--- EXERCISE INPUT Enclosed Below ---
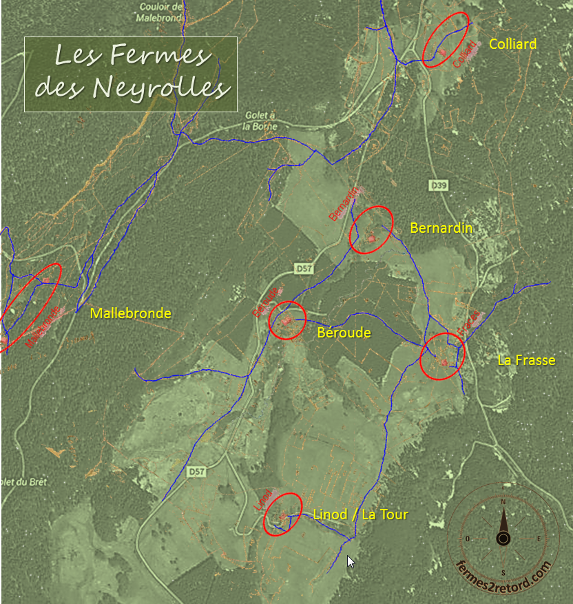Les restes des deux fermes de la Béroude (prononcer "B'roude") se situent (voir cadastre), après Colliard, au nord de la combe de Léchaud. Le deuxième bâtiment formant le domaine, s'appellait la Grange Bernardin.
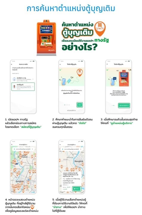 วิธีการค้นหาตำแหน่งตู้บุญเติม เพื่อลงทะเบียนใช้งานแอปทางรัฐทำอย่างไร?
--- End of Enclosed EXERCISE INPUT ---
--- EXERCISE INPUT Enclosed Below ---
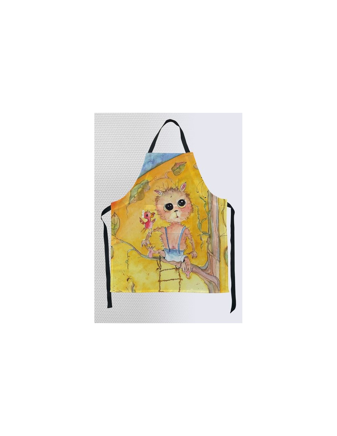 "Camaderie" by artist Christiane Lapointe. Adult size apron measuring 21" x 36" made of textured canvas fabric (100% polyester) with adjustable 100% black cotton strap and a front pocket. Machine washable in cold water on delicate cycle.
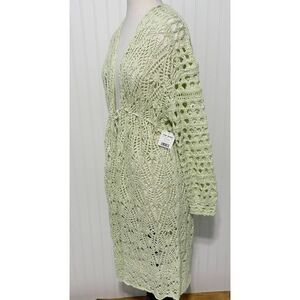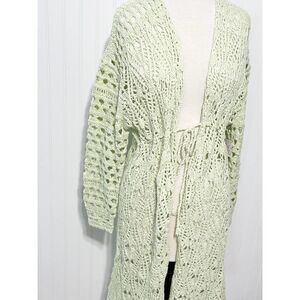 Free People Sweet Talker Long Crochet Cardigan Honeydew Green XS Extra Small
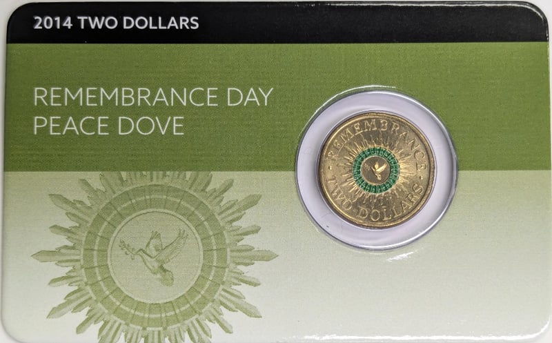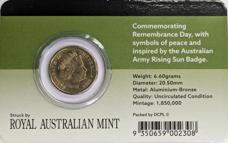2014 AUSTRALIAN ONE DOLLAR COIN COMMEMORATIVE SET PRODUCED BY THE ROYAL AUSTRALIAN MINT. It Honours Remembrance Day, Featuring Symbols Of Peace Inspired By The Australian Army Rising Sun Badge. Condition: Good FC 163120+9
--- End of Enclosed EXERCISE INPUT ---
=== PROBLEM TO WORK ON ===
Go down the entries above from the line containing "Les restes des" to the line containing "วิธีการค้นหาตำ" and write out each line exactly, leaving pictures out.

=== ANSWER SPACE ===
Les restes des deux fermes de la Béroude (prononcer "B'roude") se situent (voir cadastre), après Colliard, au nord de la combe de Léchaud. Le deuxième bâtiment formant le domaine, s'appellait la Grange Bernardin.
 วิธีการค้นหาตำแหน่งตู้บุญเติม เพื่อลงทะเบียนใช้งานแอปทางรัฐทำอย่างไร?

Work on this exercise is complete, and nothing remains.